[Saved data entries]
= = = = =

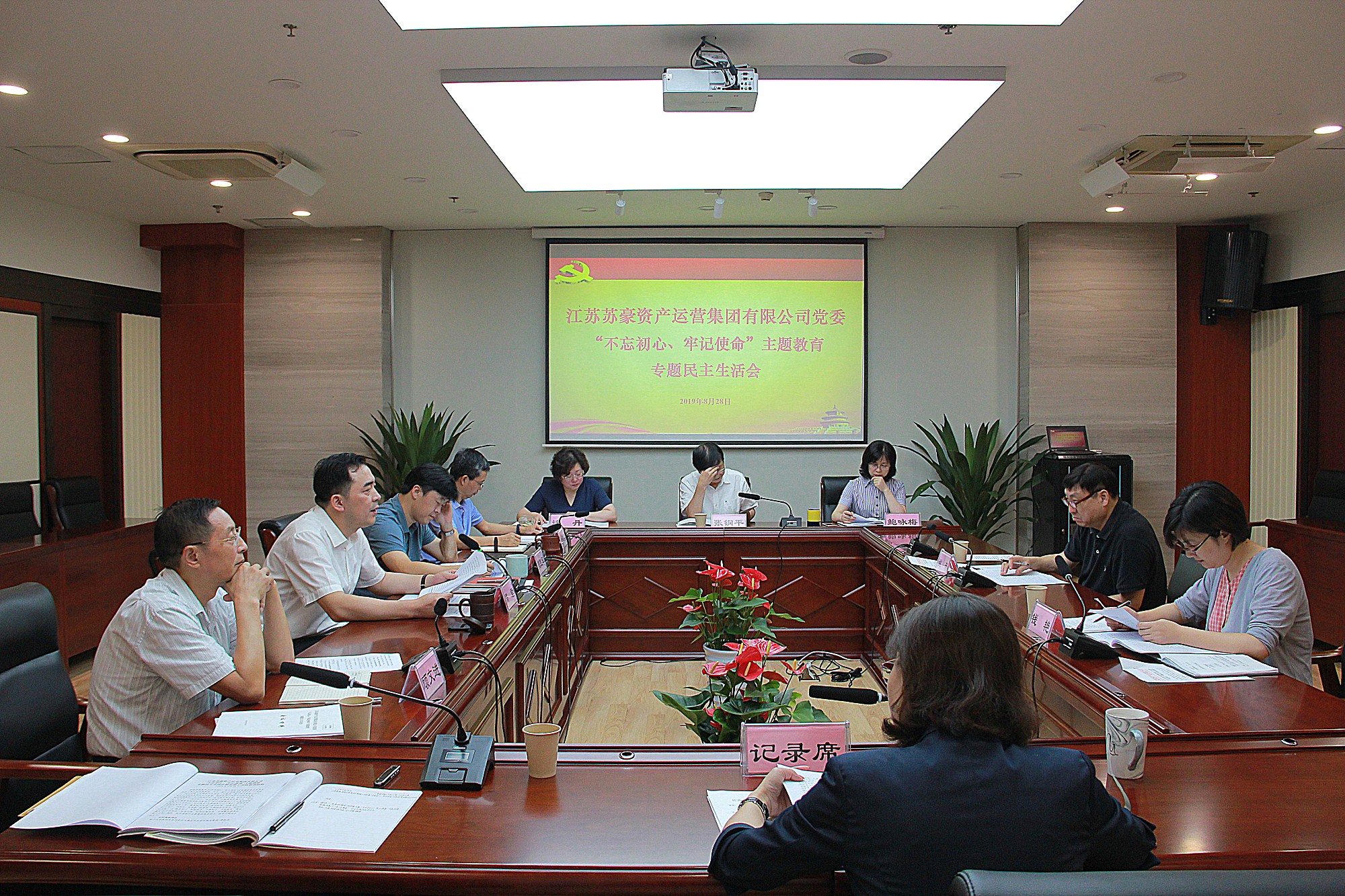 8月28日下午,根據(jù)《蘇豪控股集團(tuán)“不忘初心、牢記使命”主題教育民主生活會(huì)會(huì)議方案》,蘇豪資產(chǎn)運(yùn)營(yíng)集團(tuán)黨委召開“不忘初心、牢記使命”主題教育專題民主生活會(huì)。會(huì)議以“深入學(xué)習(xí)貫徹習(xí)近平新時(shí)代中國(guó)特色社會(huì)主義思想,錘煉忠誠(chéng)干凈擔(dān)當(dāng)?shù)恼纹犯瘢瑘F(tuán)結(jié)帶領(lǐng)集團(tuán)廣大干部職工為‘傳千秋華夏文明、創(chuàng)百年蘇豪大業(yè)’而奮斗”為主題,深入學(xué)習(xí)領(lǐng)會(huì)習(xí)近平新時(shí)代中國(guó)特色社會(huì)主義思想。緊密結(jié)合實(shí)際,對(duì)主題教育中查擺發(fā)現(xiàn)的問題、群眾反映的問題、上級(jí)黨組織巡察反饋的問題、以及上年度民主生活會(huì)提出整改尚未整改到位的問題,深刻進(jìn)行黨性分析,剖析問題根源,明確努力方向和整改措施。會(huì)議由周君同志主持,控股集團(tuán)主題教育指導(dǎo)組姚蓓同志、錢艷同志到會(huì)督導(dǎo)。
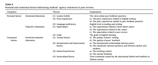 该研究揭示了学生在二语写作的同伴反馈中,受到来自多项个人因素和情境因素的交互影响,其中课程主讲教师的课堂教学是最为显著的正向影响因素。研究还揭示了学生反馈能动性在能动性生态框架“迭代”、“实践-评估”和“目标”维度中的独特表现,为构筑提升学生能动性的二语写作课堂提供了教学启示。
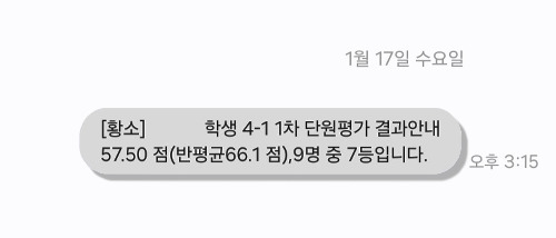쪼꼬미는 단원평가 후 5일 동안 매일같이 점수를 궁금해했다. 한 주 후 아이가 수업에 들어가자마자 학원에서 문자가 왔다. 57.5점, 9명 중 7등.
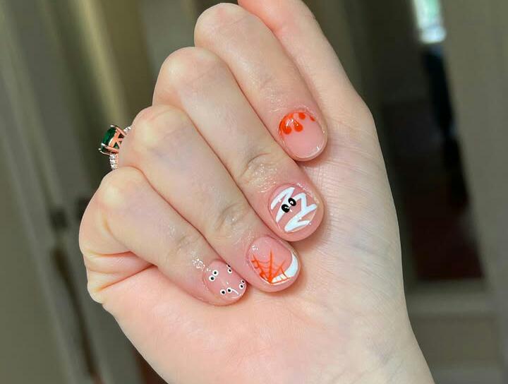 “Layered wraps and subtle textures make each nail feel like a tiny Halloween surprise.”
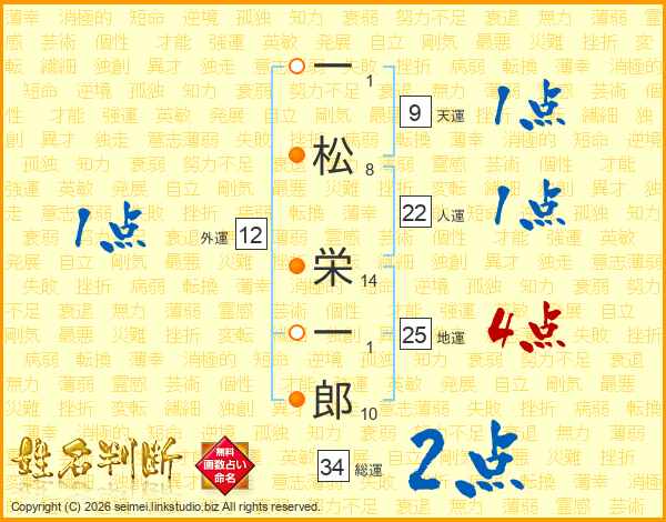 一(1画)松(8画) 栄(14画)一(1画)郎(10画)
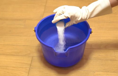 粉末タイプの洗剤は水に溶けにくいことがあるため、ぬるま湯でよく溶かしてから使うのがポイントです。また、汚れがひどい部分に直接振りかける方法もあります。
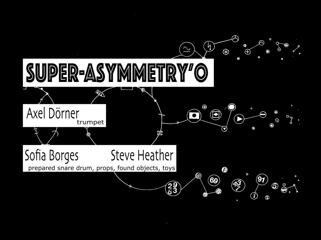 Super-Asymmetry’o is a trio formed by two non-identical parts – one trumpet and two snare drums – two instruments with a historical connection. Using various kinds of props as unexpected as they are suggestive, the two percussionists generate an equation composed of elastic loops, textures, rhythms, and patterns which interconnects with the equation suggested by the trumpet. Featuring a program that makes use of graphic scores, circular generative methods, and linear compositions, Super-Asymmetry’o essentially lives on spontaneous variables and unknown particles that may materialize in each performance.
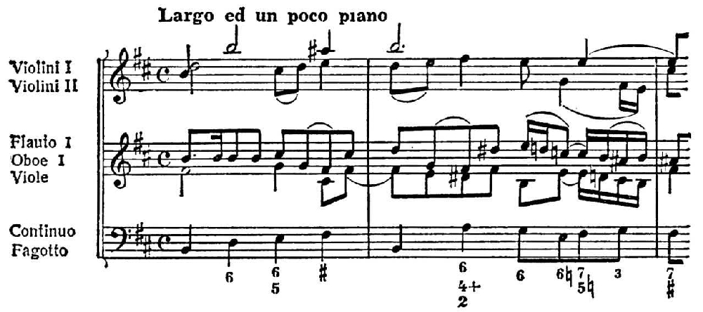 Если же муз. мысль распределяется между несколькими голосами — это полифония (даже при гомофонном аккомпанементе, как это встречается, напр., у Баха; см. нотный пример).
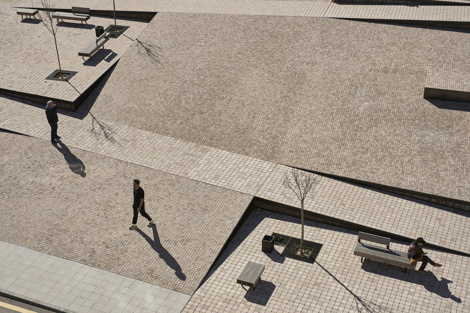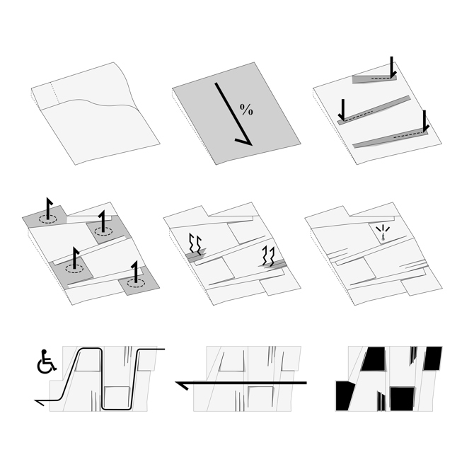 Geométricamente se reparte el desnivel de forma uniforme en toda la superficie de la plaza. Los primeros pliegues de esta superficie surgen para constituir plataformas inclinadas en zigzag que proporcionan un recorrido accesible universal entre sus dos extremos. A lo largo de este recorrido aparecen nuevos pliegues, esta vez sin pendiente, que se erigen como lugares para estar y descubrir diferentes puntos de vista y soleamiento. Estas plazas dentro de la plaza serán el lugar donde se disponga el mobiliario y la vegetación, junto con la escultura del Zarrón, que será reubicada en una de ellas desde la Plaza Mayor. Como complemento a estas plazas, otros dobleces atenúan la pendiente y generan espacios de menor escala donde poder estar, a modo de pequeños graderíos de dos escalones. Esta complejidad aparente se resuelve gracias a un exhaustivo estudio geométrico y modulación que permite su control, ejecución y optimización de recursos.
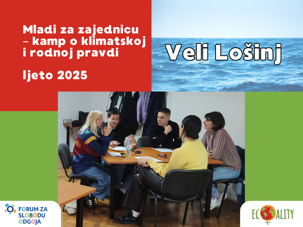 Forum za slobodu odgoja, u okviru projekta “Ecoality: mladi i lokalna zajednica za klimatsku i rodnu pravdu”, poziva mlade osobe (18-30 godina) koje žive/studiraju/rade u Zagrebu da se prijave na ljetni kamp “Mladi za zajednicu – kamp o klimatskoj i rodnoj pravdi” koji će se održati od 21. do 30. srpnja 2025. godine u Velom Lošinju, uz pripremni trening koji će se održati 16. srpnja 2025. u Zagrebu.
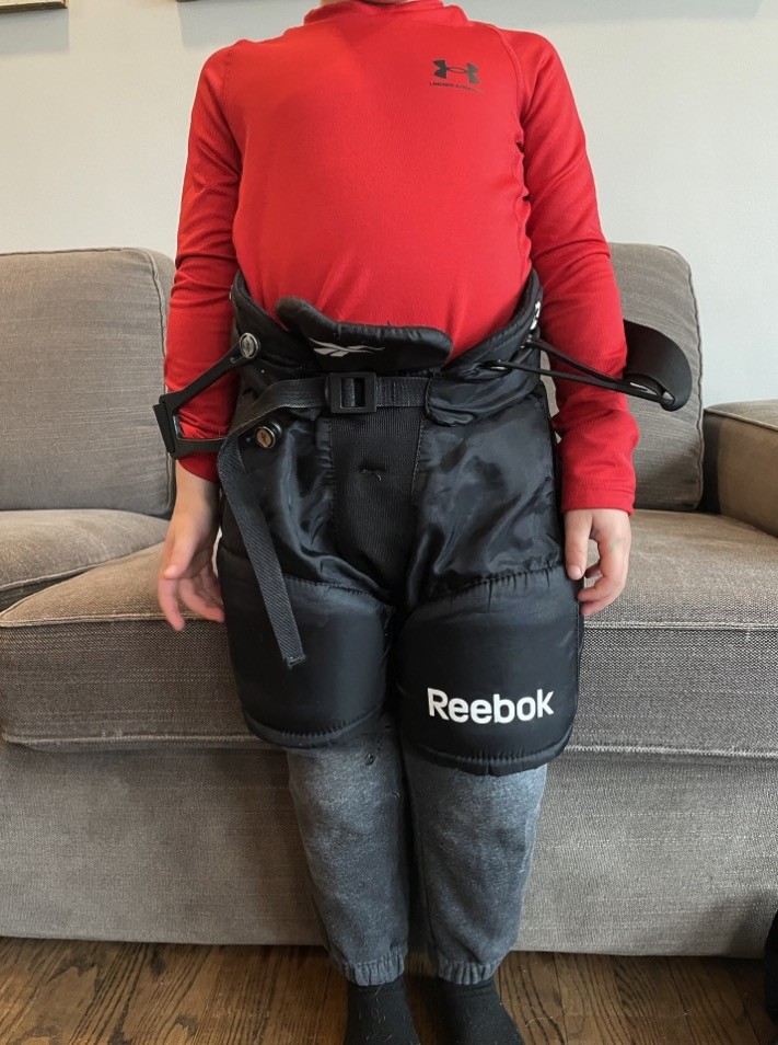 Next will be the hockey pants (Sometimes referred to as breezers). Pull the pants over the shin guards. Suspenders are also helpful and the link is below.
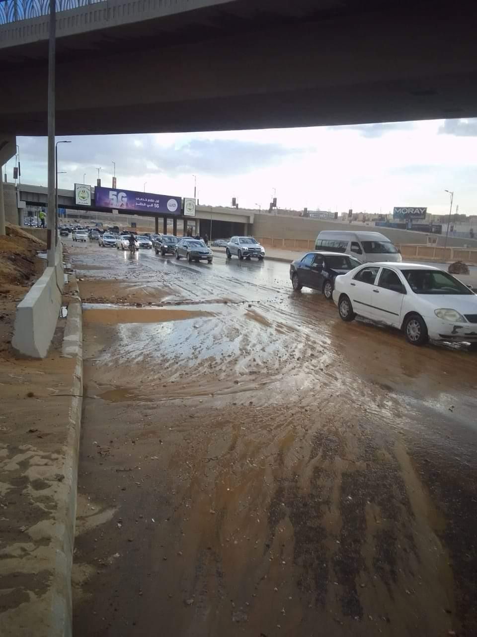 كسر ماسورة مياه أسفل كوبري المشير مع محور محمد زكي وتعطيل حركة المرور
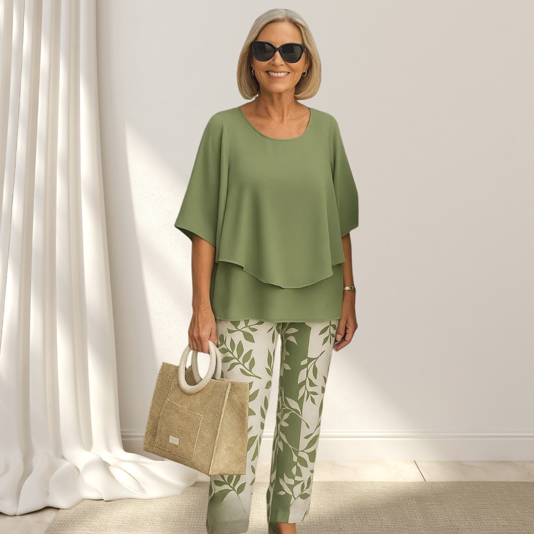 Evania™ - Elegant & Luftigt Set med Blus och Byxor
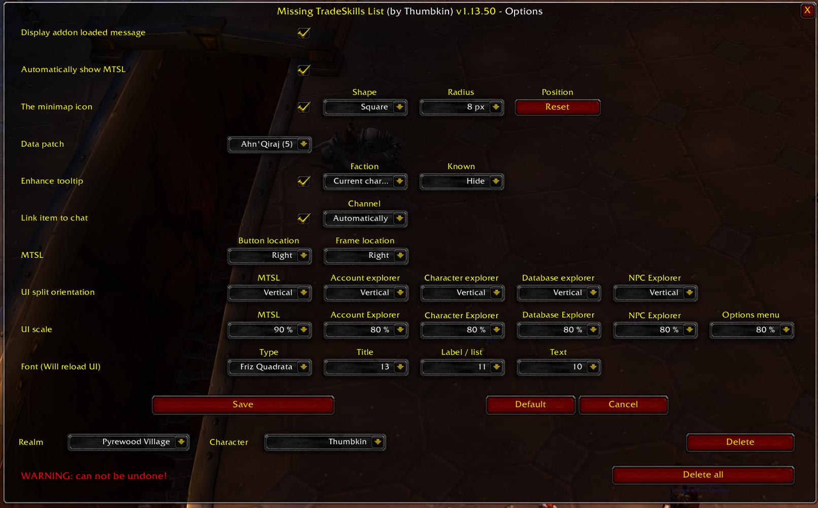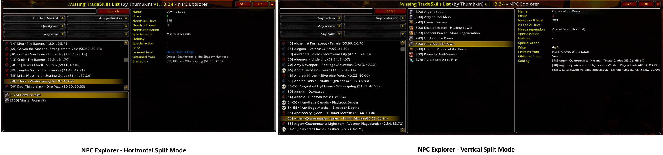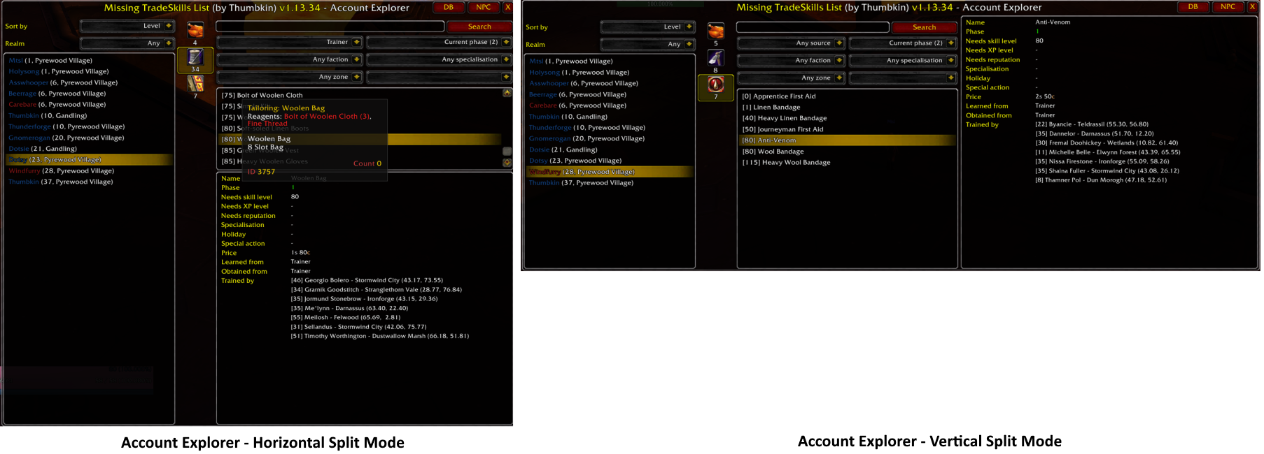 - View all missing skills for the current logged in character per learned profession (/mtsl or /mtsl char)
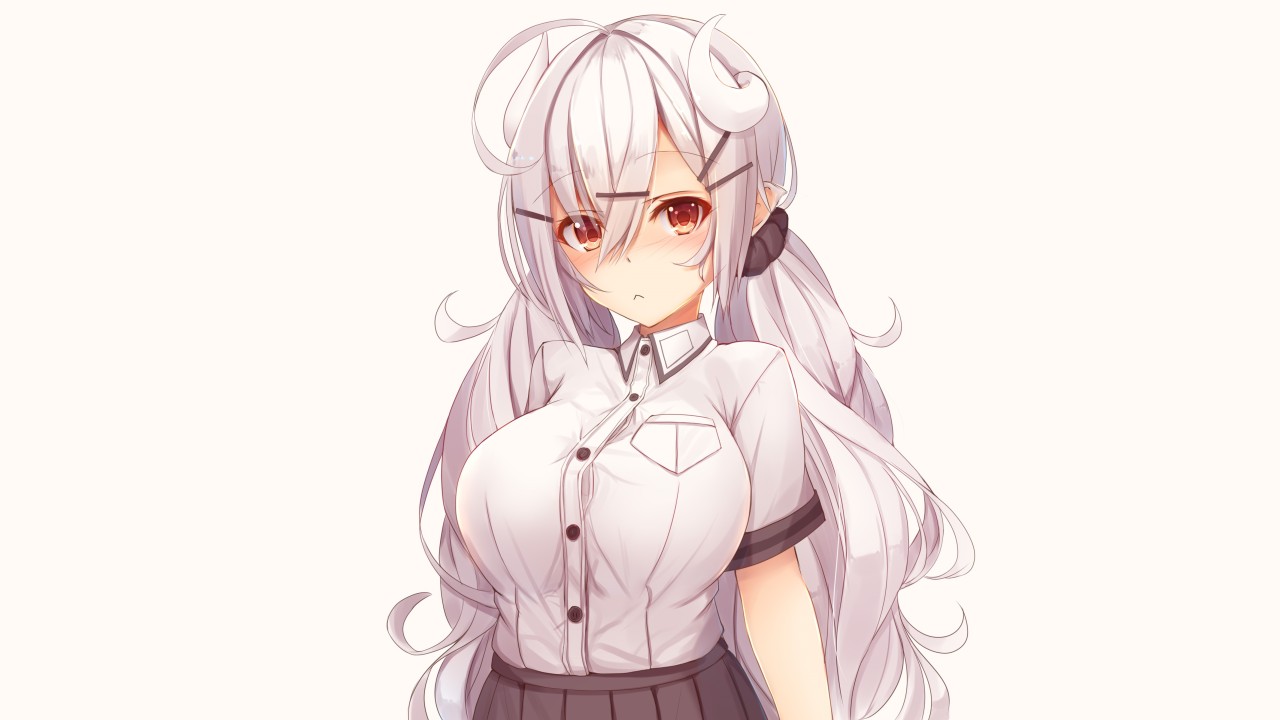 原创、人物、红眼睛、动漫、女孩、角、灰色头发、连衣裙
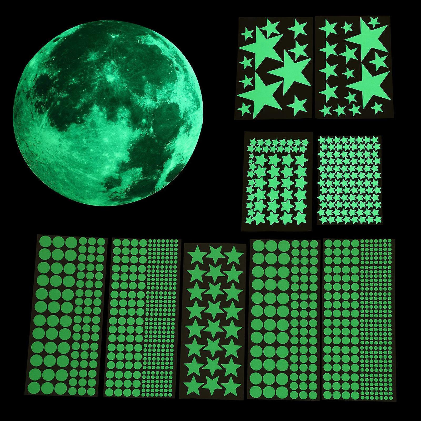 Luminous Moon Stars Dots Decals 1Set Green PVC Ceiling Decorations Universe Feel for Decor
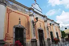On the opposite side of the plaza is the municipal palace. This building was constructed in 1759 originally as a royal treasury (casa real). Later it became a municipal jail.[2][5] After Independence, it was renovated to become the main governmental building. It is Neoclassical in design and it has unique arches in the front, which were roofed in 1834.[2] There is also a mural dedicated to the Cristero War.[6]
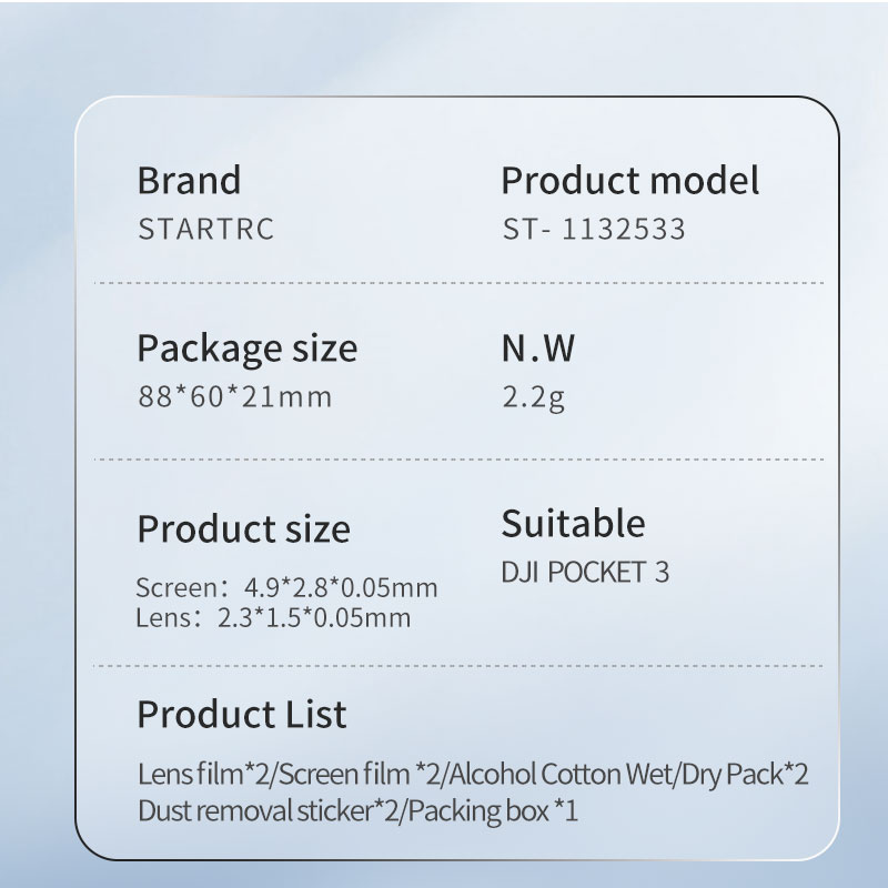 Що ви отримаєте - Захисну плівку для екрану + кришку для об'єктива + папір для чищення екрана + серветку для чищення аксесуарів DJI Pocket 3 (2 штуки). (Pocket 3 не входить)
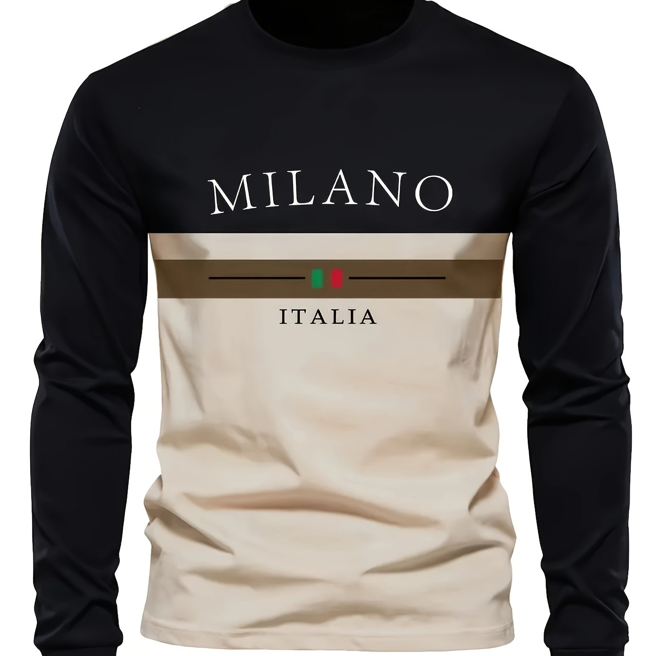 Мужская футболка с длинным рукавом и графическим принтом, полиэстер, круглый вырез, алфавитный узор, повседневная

= = = = =

**EXERCISE REQUIREMENTS:** I would like the exact lines from the data above, starting with the one that holds "كسر ماسورة مياه" and going on through the one that holds "Luminous Moon Stars", without the pictures.

**WRITTEN SOLUTION:**
 كسر ماسورة مياه أسفل كوبري المشير مع محور محمد زكي وتعطيل حركة المرور
 Evania™ - Elegant & Luftigt Set med Blus och Byxor
 - View all missing skills for the current logged in character per learned profession (/mtsl or /mtsl char)
 原创、人物、红眼睛、动漫、女孩、角、灰色头发、连衣裙
 Luminous Moon Stars Dots Decals 1Set Green PVC Ceiling Decorations Universe Feel for Decor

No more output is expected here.